WO2020021741A1 - Endoscope connector and endoscope - Google Patents

Abstract

This endoscope connector (5) comprises: a plug section (30) connecting to an external machine; a first molded body (40) provided in the plug section (30) and formed from a first resin, wherein a plurality of metal terminal parts (46, 47) are arranged; a second molded body (50) provided in the plug section (30), wherein the first molded body (40) is installed, and formed by injection molding of a second resin so as to cover the external surface of the first molded body (40) in such a manner as to expose electrical contacts (41, 42) of the plurality of metal terminal parts (46, 47). The first molded body (40) is formed from the first resin, which has a lower rigidity than that of the second resin forming the second molded body (50).

Description

Endoscope connector and endoscope

The present invention relates to an endoscope connector and an endoscope connected to an external device such as a light source device.

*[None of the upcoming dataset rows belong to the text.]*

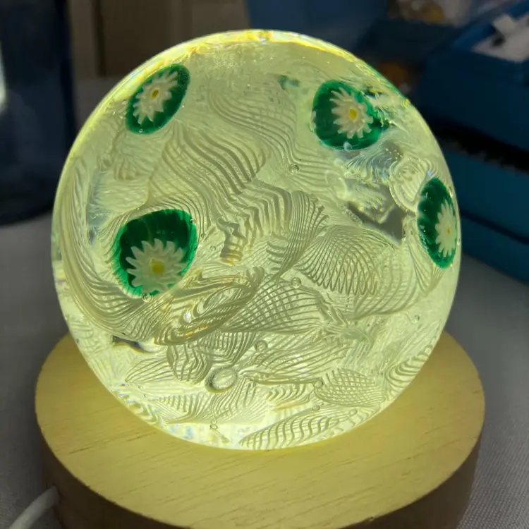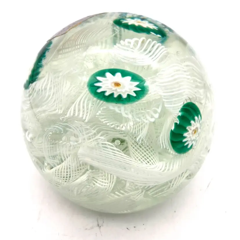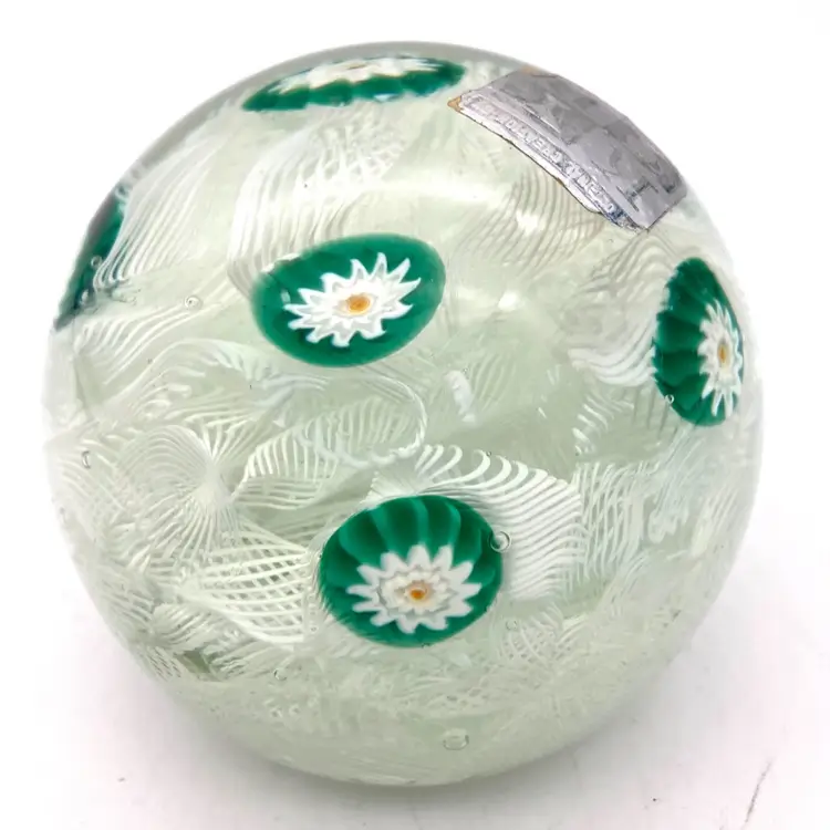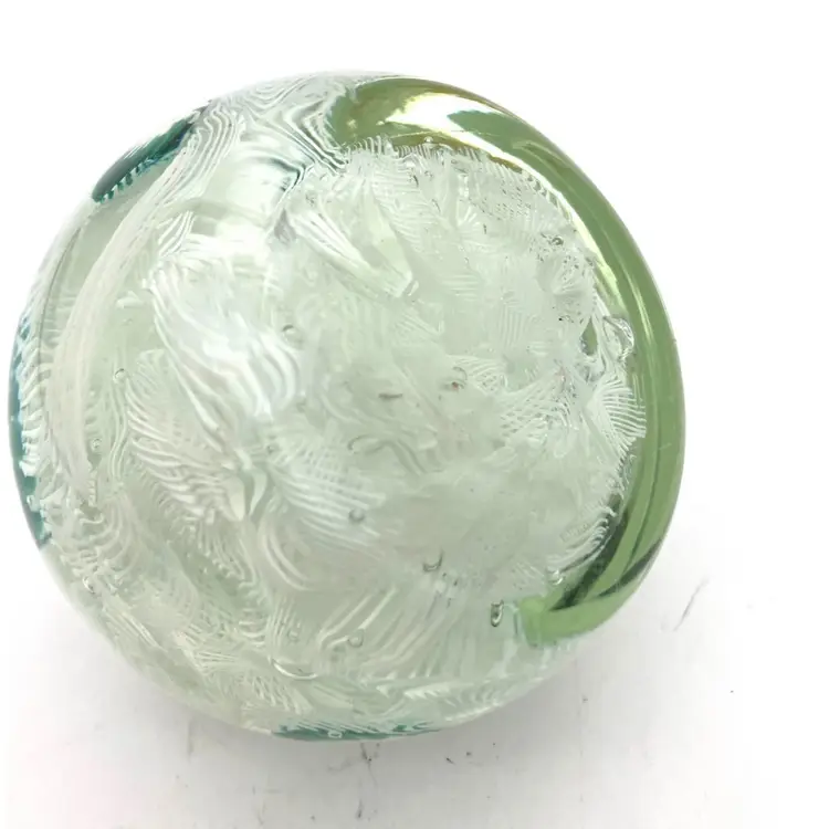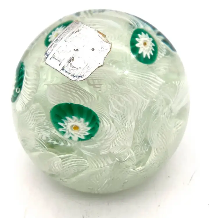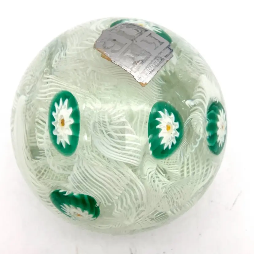 Piece measures 2 7/8” diameter and 2 5/8” tall. Fun green Millifiori murines punctuate the white scramble weight. The excellent condition. *Note - this was confirmed this afternoon as Murano from Facebook Murano group.
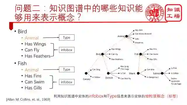 第二个问题是知识图谱中的哪些知识能够用来表示概念?我们根据Allan Collins人工定义的概念的固有特征集合可以发现,可以通过实体的infobox和type信息来表示。
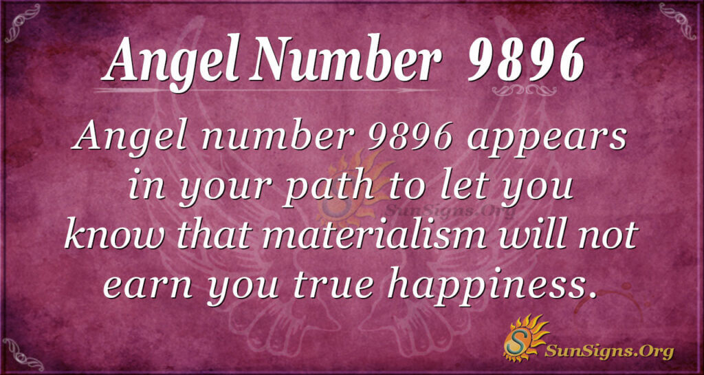 In summary, angel number 9896 appears in your path to let you know that materialism will not earn you true happiness.
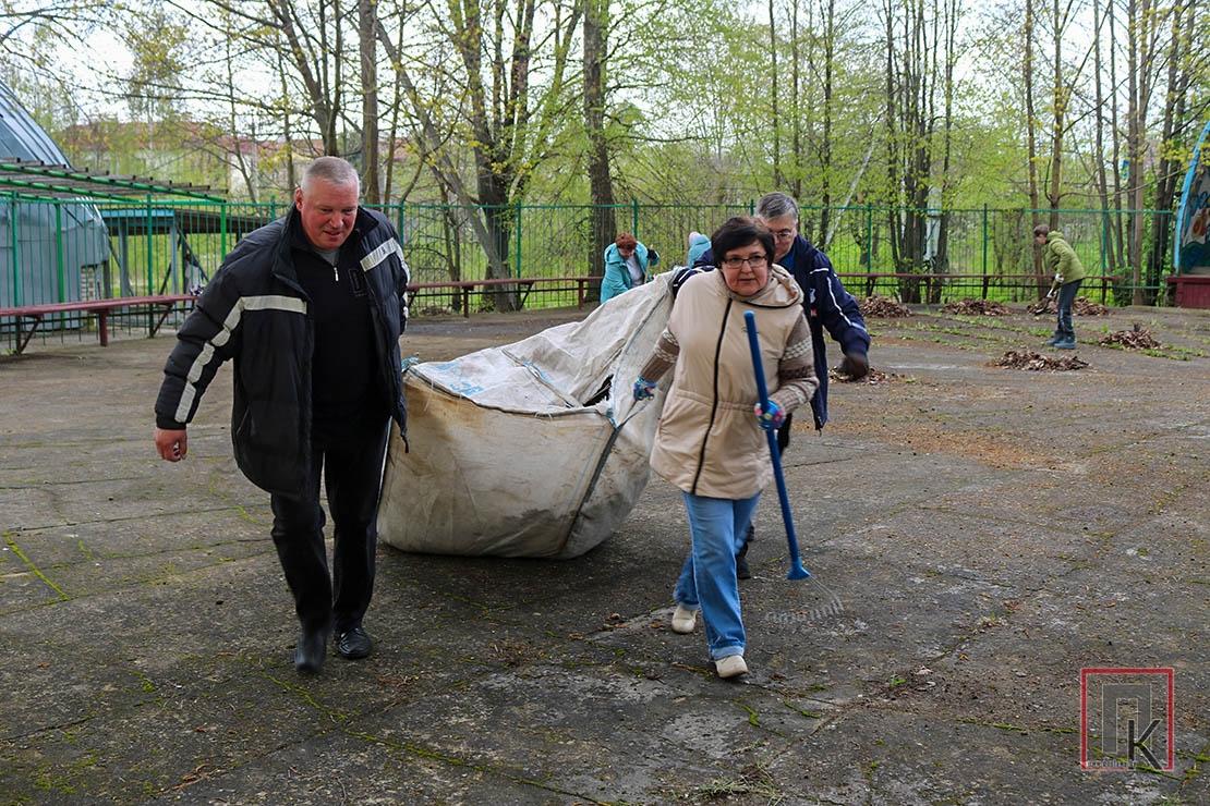 Гарадскі парк — месца правядзення шматлікіх культурных мерапрыемстваў. Таму і не дзіўна, што тут шчыравалі работнікі аддзела культуры райвыканкама, Цэнтра культуры і народнай творчасці, раённага Дома культуры, цэнтральнай раённай бібліятэкі. Ідучы ад будынка райвыканкама па набярэжнай, яны назбіралі некалькі мяшкоў пластыкавых бутэлек, рознага смецця, пакінутага рыбакамі і іншымі гараджанамі. Вялікі аб’ём работы ўдзельнікі рэспубліканскага суботніка выканалі і каля летняга амфітэатра, на былой танцпляцоўцы: выграблі мінулагодняе лісце, сабралі шмат бутэлек з-пад піва і спіртнога.

The endoscope device as a medical device is connected to a video processor and a light source device as peripheral devices. Therefore, in the endoscope apparatus, an endoscope connector, which is a connector unit that can be detachably connected to a video processor, a light source device, and the like, is provided at an extended end of the signal cable. The endoscope connector is connected to an external device such as a video processor or a light source device.

An endoscope connector of such an endoscope has a plug portion formed of a resin component in which a contact terminal is embedded, as disclosed in, for example, Japanese Patent Application Laid-Open No. 2017-6163. I have. In order to cover a plurality of metal terminals with a resin, a plug portion of a conventional endoscope connector includes a resin-made primary molded body in which the plurality of metal terminals are press-fitted, and a resin-made secondary molding as an exterior. The body is formed by injection molding.

In the conventional endoscope connector, a super engineering plastic having high chemical resistance is used for the resin material in order to ensure resistance to various sterilization and disinfection processes.

In order to ensure the positional accuracy of the metal terminals and the adhesiveness of the resin at the time of the secondary molding, the connector for the endoscope uses a resin containing glass fiber for the primary molded body, and uses the secondary molded body. In some cases, the same resin as the primary molded body without glass fiber is used for the body.

However, the resin without glass fiber used for the secondary molded body has a larger linear expansion coefficient than the glass fiber used for the primary molded body, so that the resin is exposed to a low-temperature environment below the freezing point during transportation and storage. Then, the secondary compact shrinks more than the primary compact and there is a problem that cracks occur in the secondary compact.

Further, when a crystalline resin is used as the resin forming the primary molded body and the secondary molded body, the resin having no glass fiber in the secondary molded body crystallizes with respect to the resin containing the glass fiber in the primary molded body. Since the amount of shrinkage at the time is large, there is a problem that when crystallization proceeds due to annealing treatment after molding, the secondary molded body shrinks more and cracks similarly occur.

Accordingly, the present invention has been made in view of the above circumstances, and suppresses a crack due to a volume change due to a temperature change and a shrinkage due to crystallization in a manufacturing process, and an endoscope connector and an endoscope having high chemical resistance. The purpose is to provide a mirror.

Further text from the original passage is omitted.